A Librational Model for the Propeller Blériot in the Saturnian Ring System

Abstract

Abstract The reconstruction of the orbital evolution of the propeller structure Blériot orbiting in Saturn’s A ring from recurrent observations in Cassini ISS images yielded a considerable offset motion from the expected Keplerian orbit. This offset motion can be composed by three sinusoidal harmonics with amplitudes and periods of 1845, 152, 58 km and 11.1, 3.7, and 2.2 years, respectively. In this paper we present results from N-body simulations, where we integrated the orbital evolution of a moonlet, which is placed at the radial position of Blériot under the gravitational action of the Saturnian satellites.
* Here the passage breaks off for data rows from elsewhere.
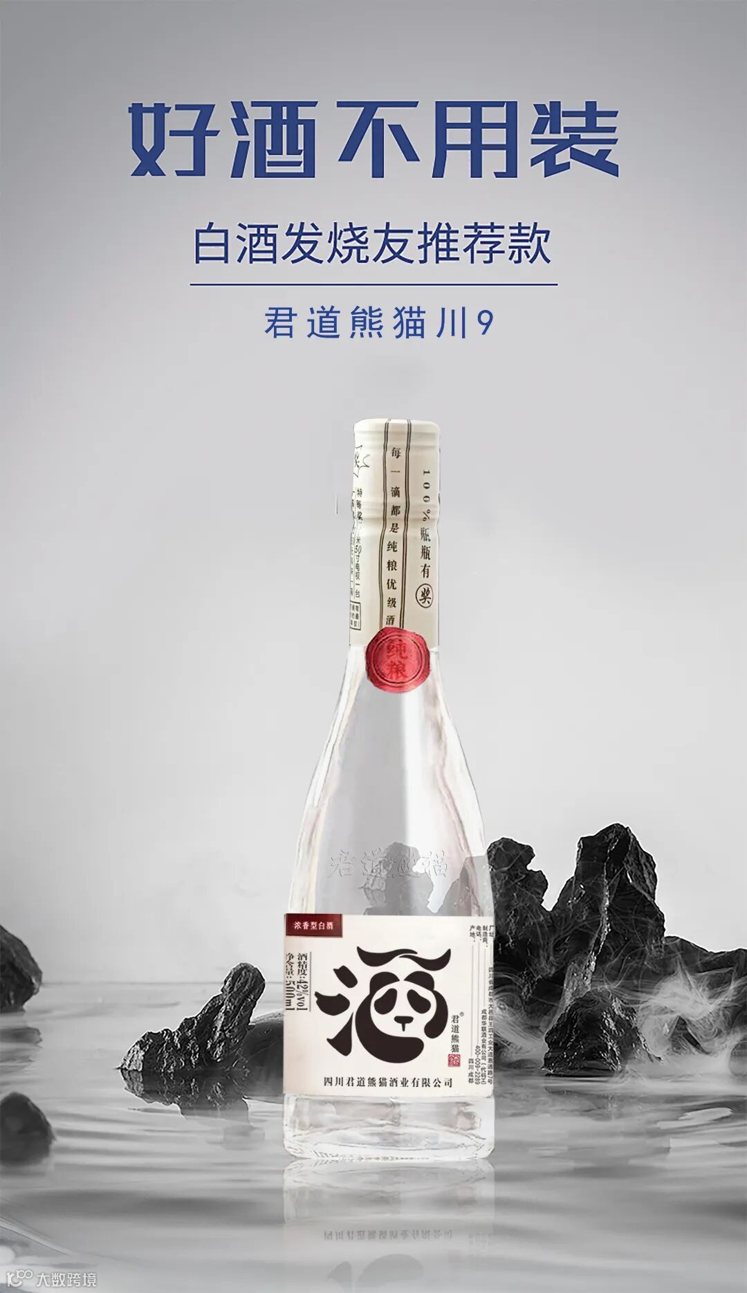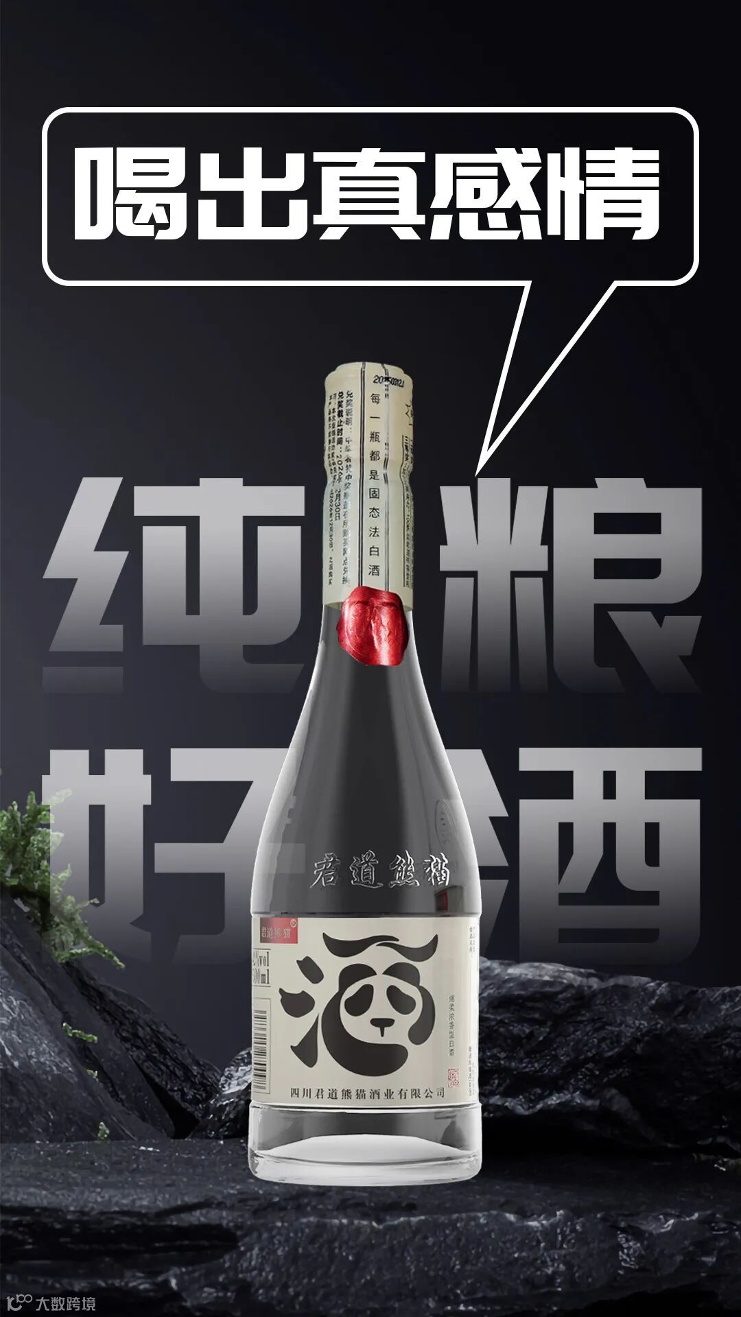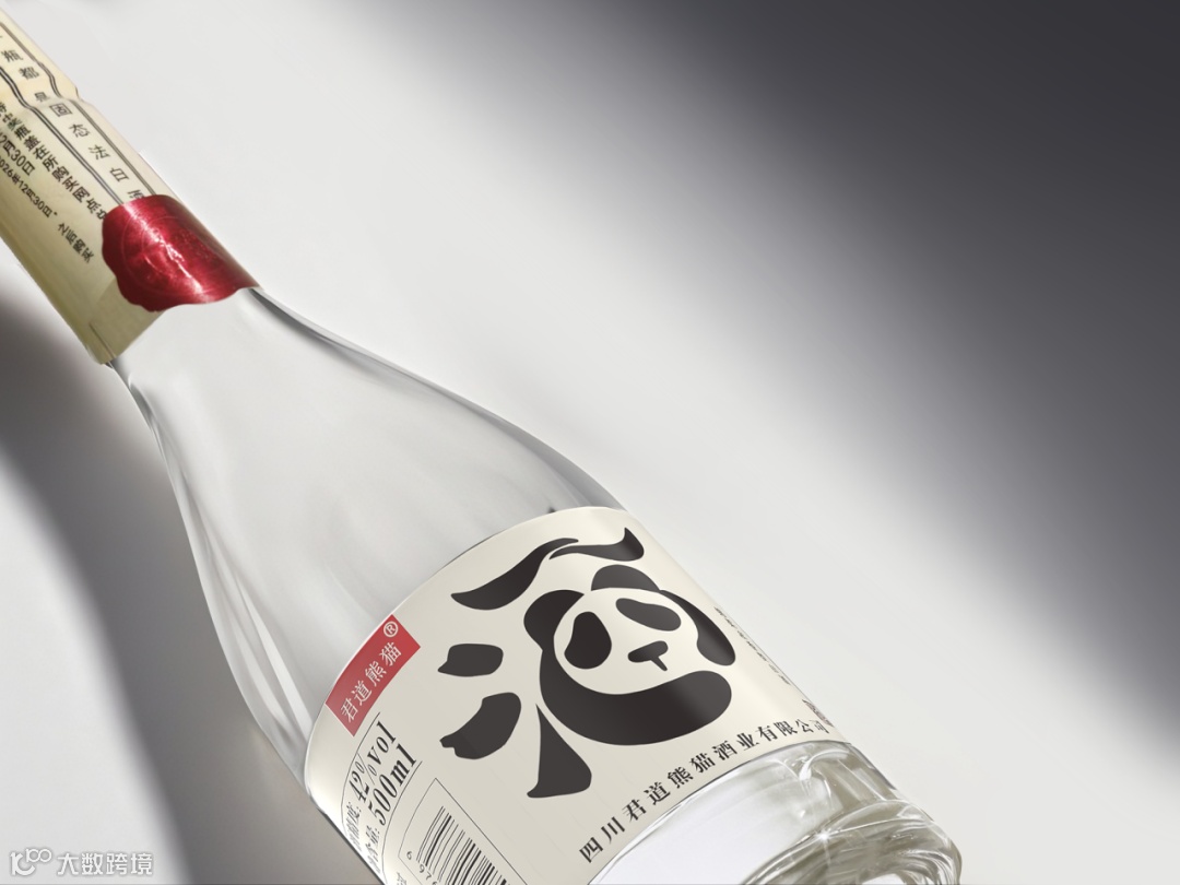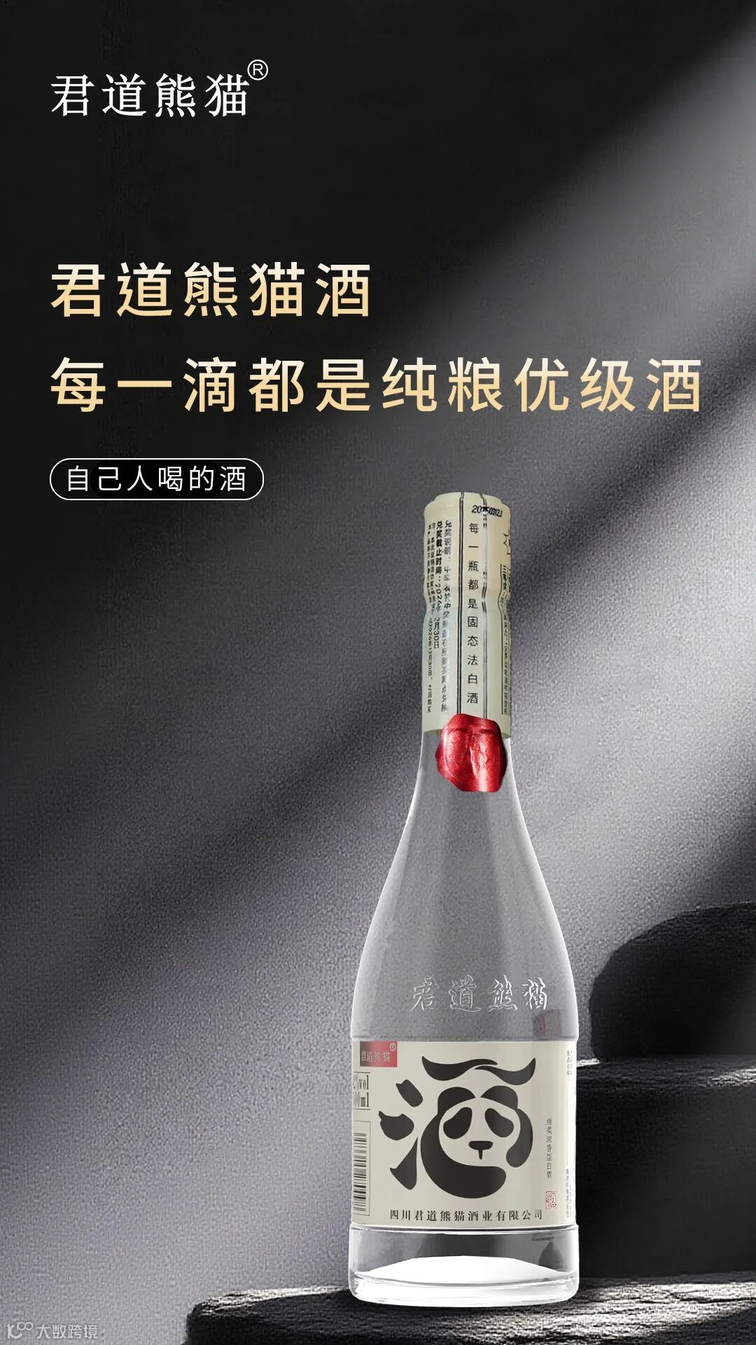 在包装美学上,君道熊猫酒完成了传统与现代的创造性转化。设计师摒弃传统光瓶的简陋感,采用黑白主色调搭配烫金熊猫徽标,既呼应熊猫毛色,又契合现代审美;500 克高白料玻璃瓶的厚重质感,搭配金箔烫金的纯粮酿造徽章,在货架上形成强烈视觉冲击。这种设计让光瓶酒不再是低端代名词,而是成为年轻人社交分享的高颜值单品。
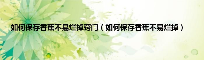 大家好,小科来为大家解答以上问题。如何保存香蕉不易烂掉窍门,如何保存香蕉不易烂掉很多人还不知道,现在让我们一起来看看吧!
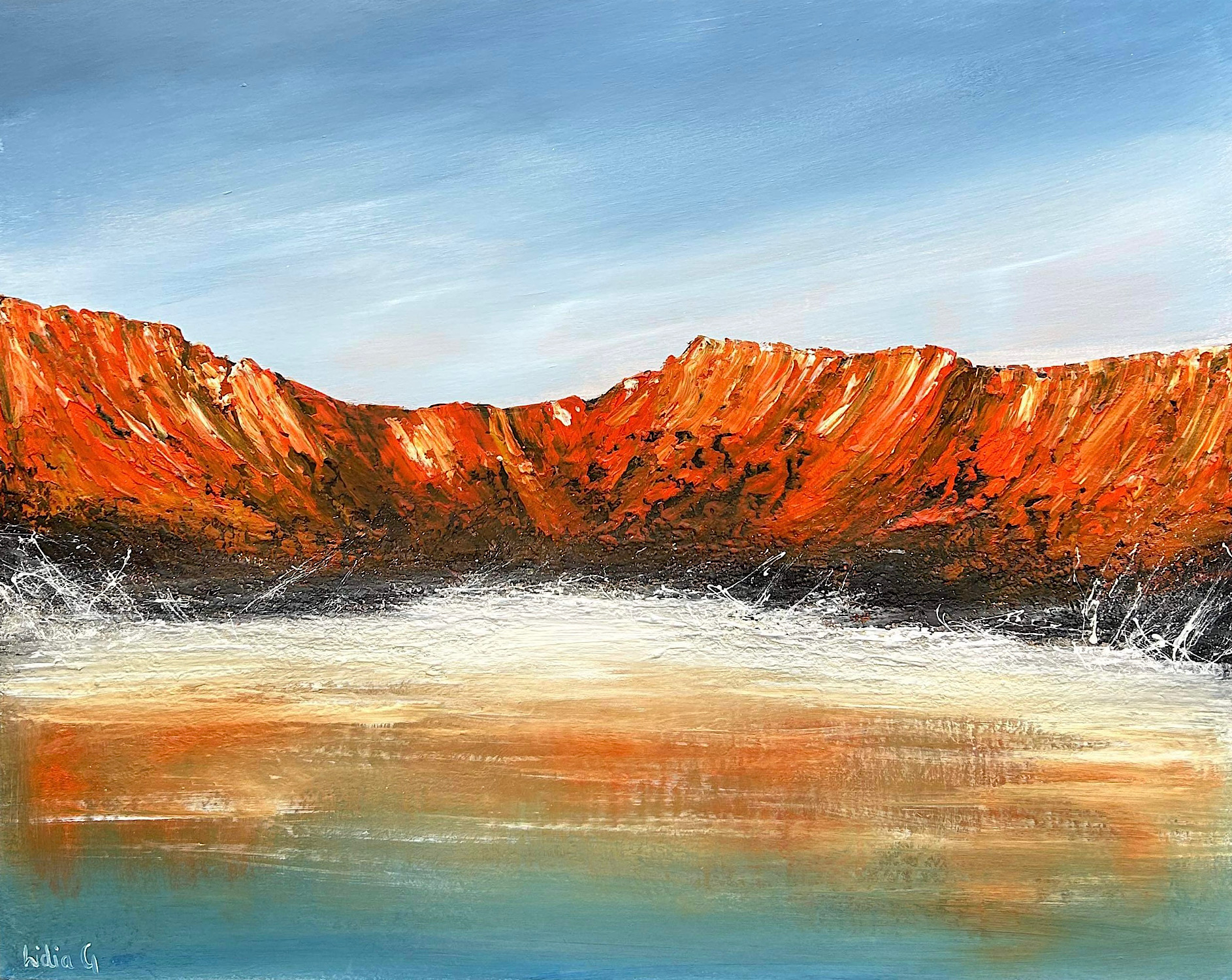 Inspired by the incredible diversity of the Australian landscape from its rugged coastlines, snow-capped mountains and the idiosyncratic landscape of the sandy desert with its sun baked monoliths and rainforests. The edges of the painting are finished in Lamp black and it is heavily textured and also varnished for protection. It also comes with professional wire hanger and a Certificate of Authenticity.

Our simulations yield that, especially the gravitational interactions with Prometheus, Pandora, and Mimas are forcing the moonlet to librate with the right frequencies, but the libration amplitudes are too small to explain the observations. Thus, further mechanisms are needed to explain the amplitudes of the forced librations—e.g., moonlet–ring interactions. Here, we develop a model, where the moonlet is allowed to be slightly displaced with respect to its created gaps breaking the point symmetry and causing a repulsive force in this way. As a result, the evolution of the moonlet’s longitude can be described by a harmonic oscillator. In the presence of external forcing by the outer moons, the libration amplitudes get the more amplified the closer the forcing frequency is to the eigenfrequency of the disturbed propeller oscillator. Applying our model to Blériot, it is possible to reproduce a libration period of 13 years with an amplitude of about 2000 km.